This project computes the area of a polygon shape, composed of three or more points, or a group of shapes using the Monte Carlo method.
- algebraic data types and their representation as case classes
- pattern matching
- recursive functions
- relationship with composite, decorator, and visitor patterns
- test-driven development (TDD) in Scala and Intellij IDEA
- some simple computational geometry problems
- Monte Carlo method
The features of this program can be viewed through the implementation of the test suites.
Code references:
To run the tests:
sbt test
To determine test coverage:
sbt coverage test
Then open this file in a web browser:
target/scala-2.10/scoverage-report/index.html
As I was coding what I considered one of the most difficult parts, checking if line segments intersect, I found that it was better to pull as many smaller functions and methods as I could out of lineLineIntersect into the lineSegment case. It allowed me to debug and test the code more easily by first running the outer methods and functions that were then used to determine if two line segments intersect.

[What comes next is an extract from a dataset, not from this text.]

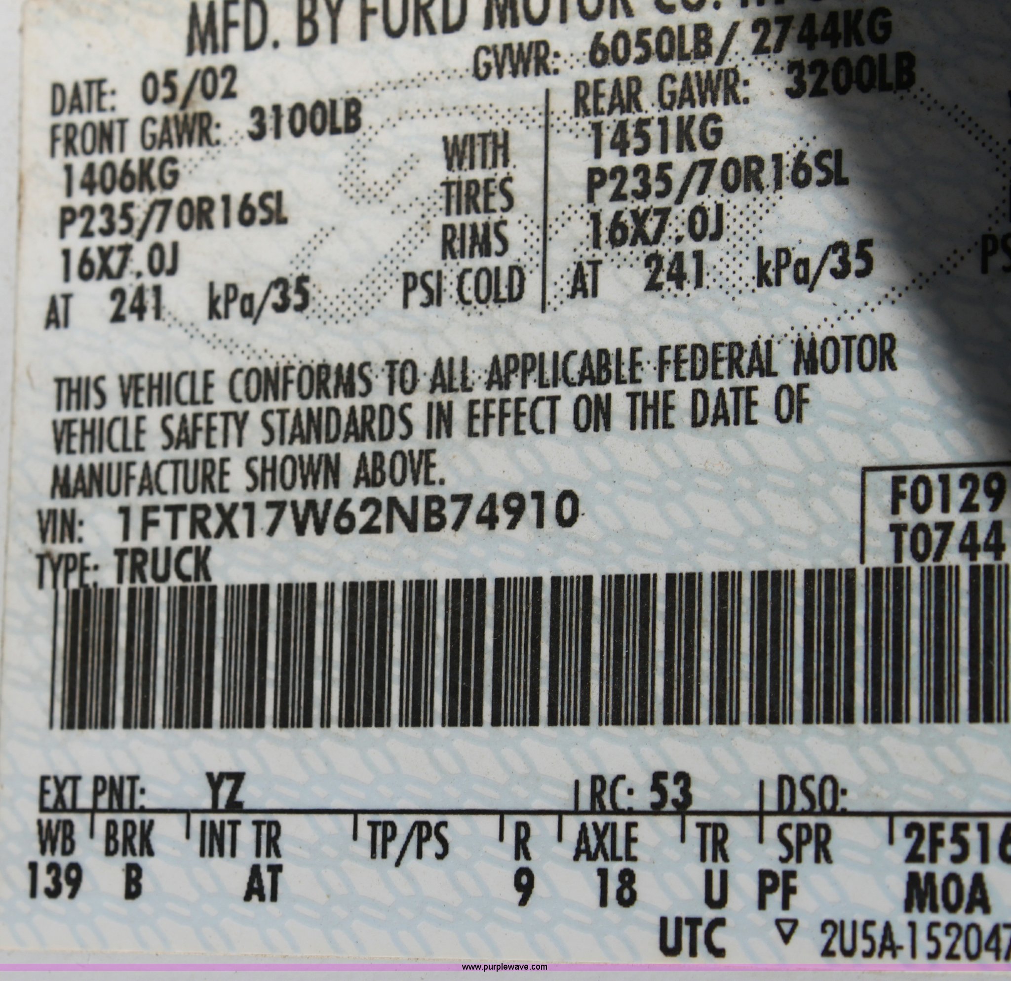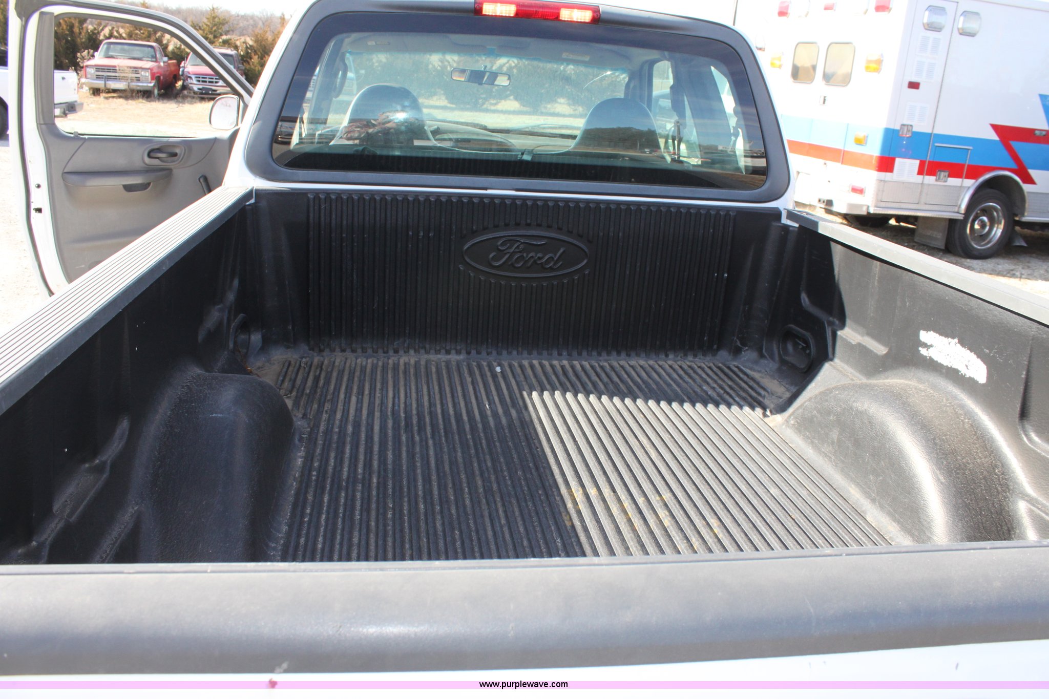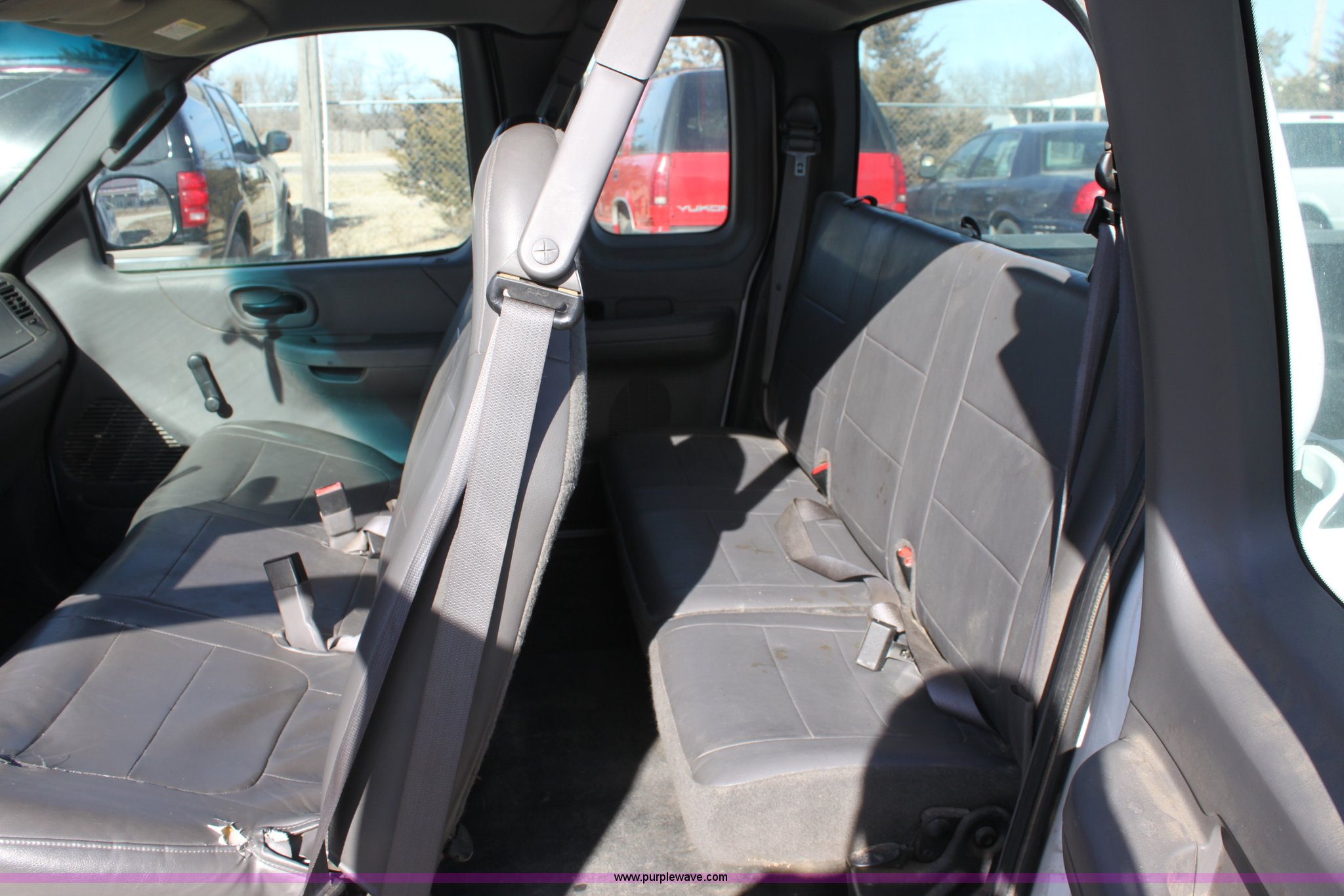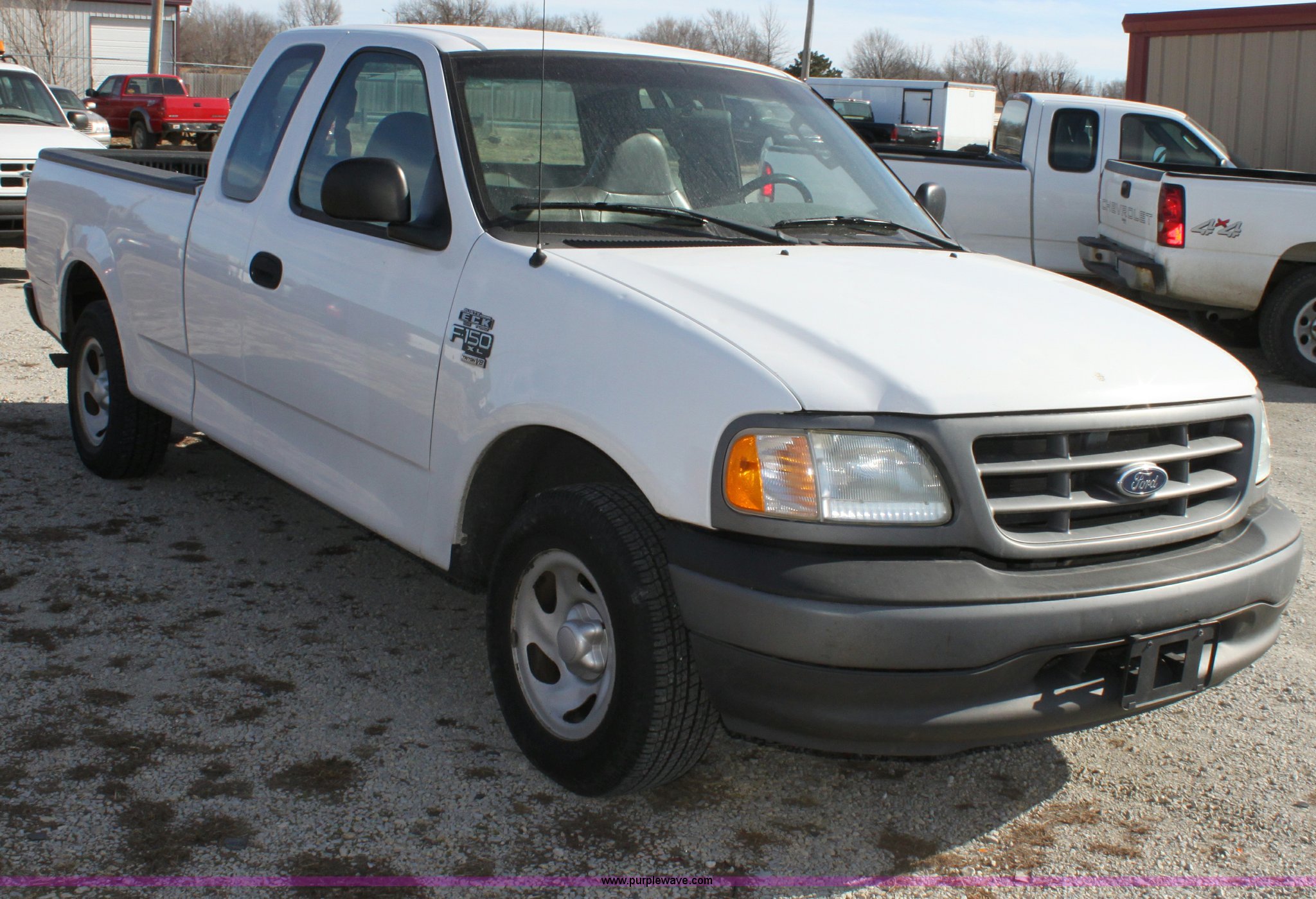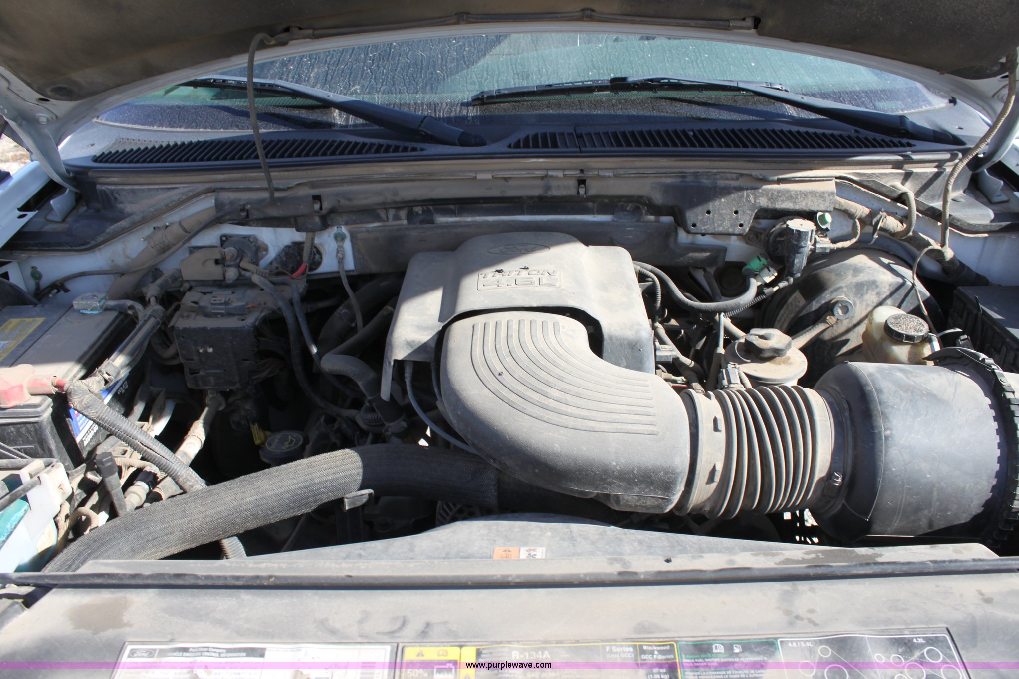 Purple Wave is selling a used Passenger Vehicle in Kansas. This item is a 2002 Ford F150 XL Supercab pickup truck with the following: 87,448 miles on odometer, 4.6L V8 EFI engine, Automatic transmission, AC and heat, Tilt, Cruise, AM/FM/Cassette, Manual windows and locks, Vinyl interior, Bed liner, Receiver hitch, Trailer wiring, 235/70R16 tires, Damage to seat, Cracked windshield, Hail damage, Equip# 6501

The behaviors of checking if a point can be found inside a shape, determining the location and rectangle components of a shape's bounding box, and computing the area of a shape are all abstractly implemented as objects and use pattern matching. This abstraction allows for the reuse of the rectangle and polygon cases when applying these behaviors to a group of shapes or shapes transposed to a different location.
At first, I had the pointInsideShape function inside the polygon case class, but when I wanted to use the function on a group of shapes, I realized it there would be a lot of DRY code. I also made the bounding box and area computations abstract because it's easier to modify the behavior as needed for the location and group cases. It also makes it easier to account for overlapping shapes.